而那琴,就是她答應給他們領導當一年的小三,換來的。
說什麽非要他們家賠錢,就隻能把鋼琴給他們了。
男死者的老婆指着那孩子就罵:“誰要你的破鋼琴啊。就你這種吃都吃不飽的家庭,學什麽鋼琴啊!鋼琴是你這種人家的孩子學的嗎?”
我猶豫了一下還是站起身來,走了過去。大聲喊道:“至少那女人在保護自己的孩子,在爲自己的孩子創造良好的環境。你呢?你把自己的孩子放哪裏了?”
那女人原來還指着的手,哆嗦着收了回去。她身旁那些男人,轉向了我,開口就罵道:“多管閑事的婊子。你他媽的跟那女人什麽關系?……”
我也指着那女人道:“你們問問,她的孩子在哪裏,再來這裏說話吧。事情都沒弄清楚,你們說這些有什麽意思!”

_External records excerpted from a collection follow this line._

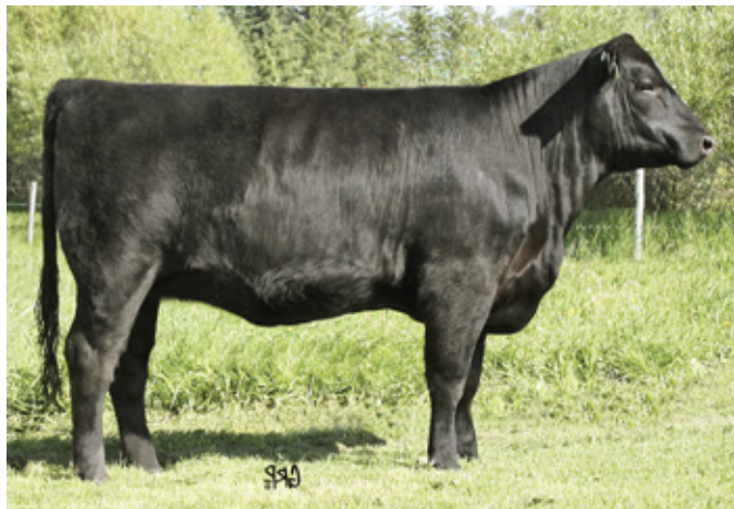
LOT 34 :: BELVIN DUCHESS 21'09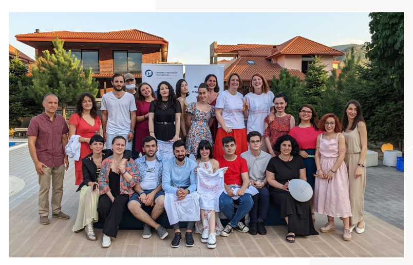
Seminar for young liberals, organised by the Free Democrats Party in Mtskheta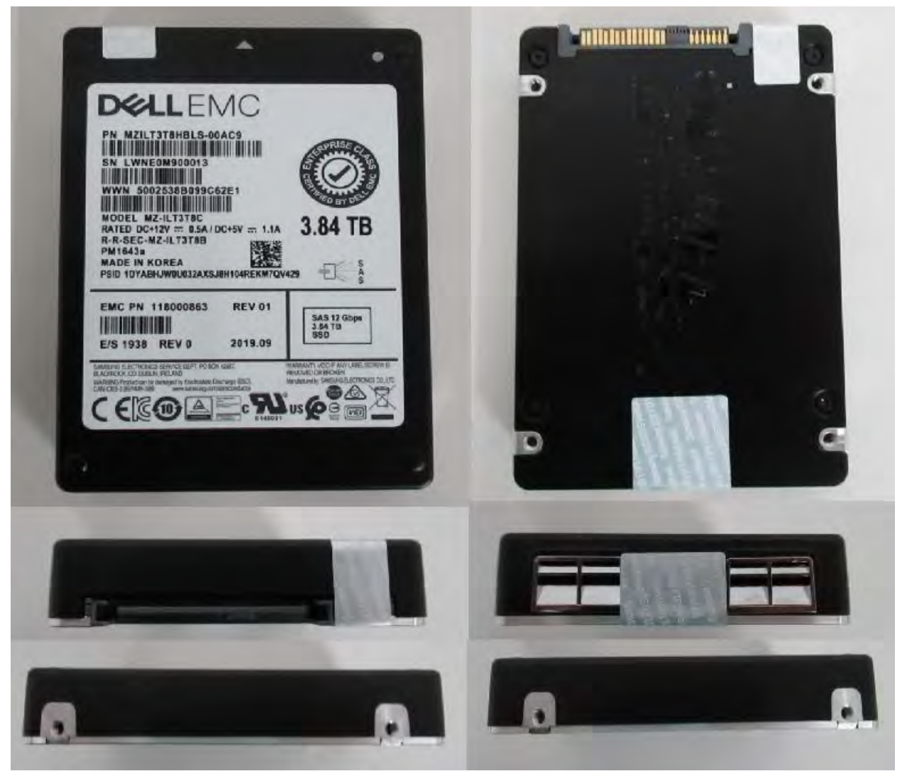
<u>Exhibit 4</u> – Specification of the Samsung SAS 12G TCG Enterprise SSC SEDs PM1643a/PM1645a Series, MZILT3T8HBLS-00AC9, Cryptographic Boundary (From top to bottom – Left to right: top side, bottom side, front side, back side, left side, and right side).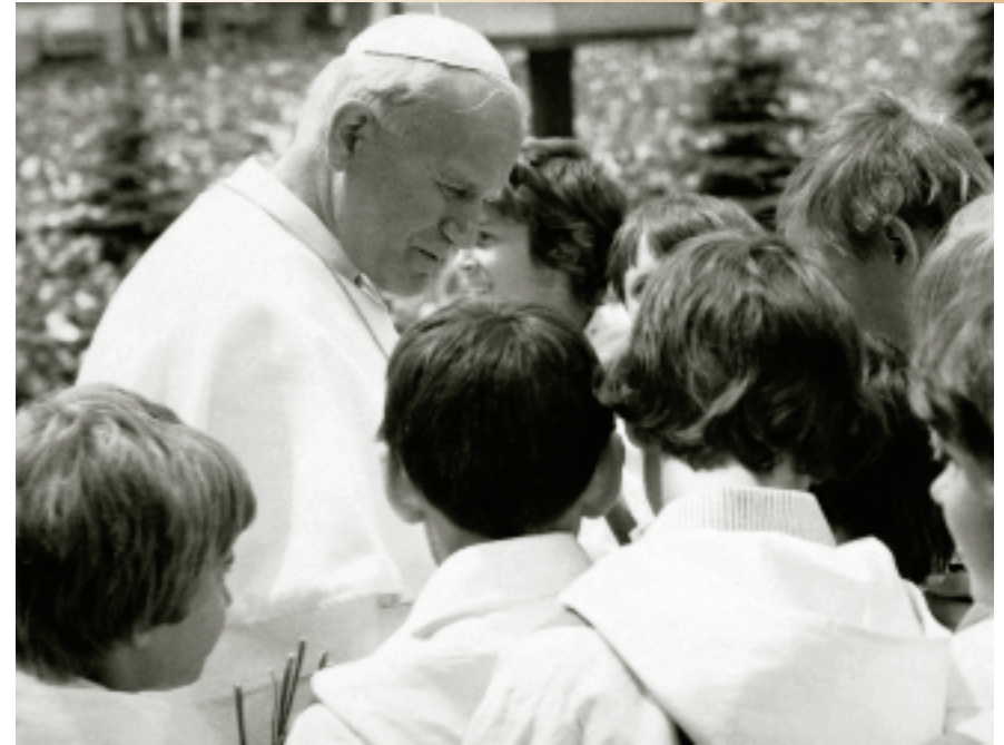
John Paul II in Wadowice – the first visit on June 7, 1979

我的話被那些男人的聲音隐沒了,但是那女人卻沒有再說話,往後面縮了縮。我看着她繼續說道:“孩子在哭呢。他說他不願意那樣。他不想看到那些事情的。是你傷害了自己的孩子的。是誰教你這麽做的!”
我不覺得一個普通的官太太會知道這樣的方法,一定有人在教她這麽做。
那些男人還在罵着我,堂弟剛要過來,就聽着那女人尖叫道:“不是我!不是我把那孩子放在娃娃裏的。是……是那個男人教我那麽做的!我去打胎,他教我的。說這樣能挽回我老公。”
“孩子?什麽孩子?”旁邊的一個男人看向了那女人,大家都停下了說話,那男人問她:“什麽孩子,你說清楚?你不是說不能生嗎?才對阿榮在外面胡來睜隻眼閉隻眼的。要不是出了這件事,根本就不會理他們嗎?怎麽會打胎的?孩子哪來的?”
女人哭了,因爲周圍的男人都看向了她,等着她的答案。我估計着這些都是個男死者的親戚,所以才會這麽逼着那女人的。
那女人一直哭,周圍的男人還在逼問着。
小景趁着沒有人注意他,就将那祖孫帶到了後面,離開了前面的大廳。
過了幾分鍾之後,有個男人走到我面前問道:“小姐,你知道什麽事情,跟我們說說吧。我是阿榮也就是那個男死者的哥哥。我們幾個都是他的親戚。”
我指指那已經哭得沒力氣站着的女人,說道:“問她吧,她比我們清楚多了。這件事本來就是她做的。”
幾個男人還想問我什麽,都被堂弟擋了下來。堂弟說話可沒有我這麽客氣啊。加上之前那些人就是語氣不好的樣子。堂弟也沒跟他們客氣什麽。
磨磨蹭蹭地好一會之後,那在地上哭着的女人終于跟說話了。
原來她并不是什麽不能生,而是傍上這麽個老公,當上官太太之後,就開始擔心哪天被離婚了。她本來就是個小三,靠着美貌把正室擠下去的。而之前那男人有過一個孩子,三歲的時候,還出事死了。就想着讓現在的老婆給他生一個。可是這個女人腦子短路的。就怕自己生了孩子遭報應。下場跟那前面的女人一樣。因爲身材走樣,帶孩子辛苦變成黃臉婆什麽的,到時候她再被别的小三擠下去。所以她幹脆說她不能生。同意讓男人找代孕的。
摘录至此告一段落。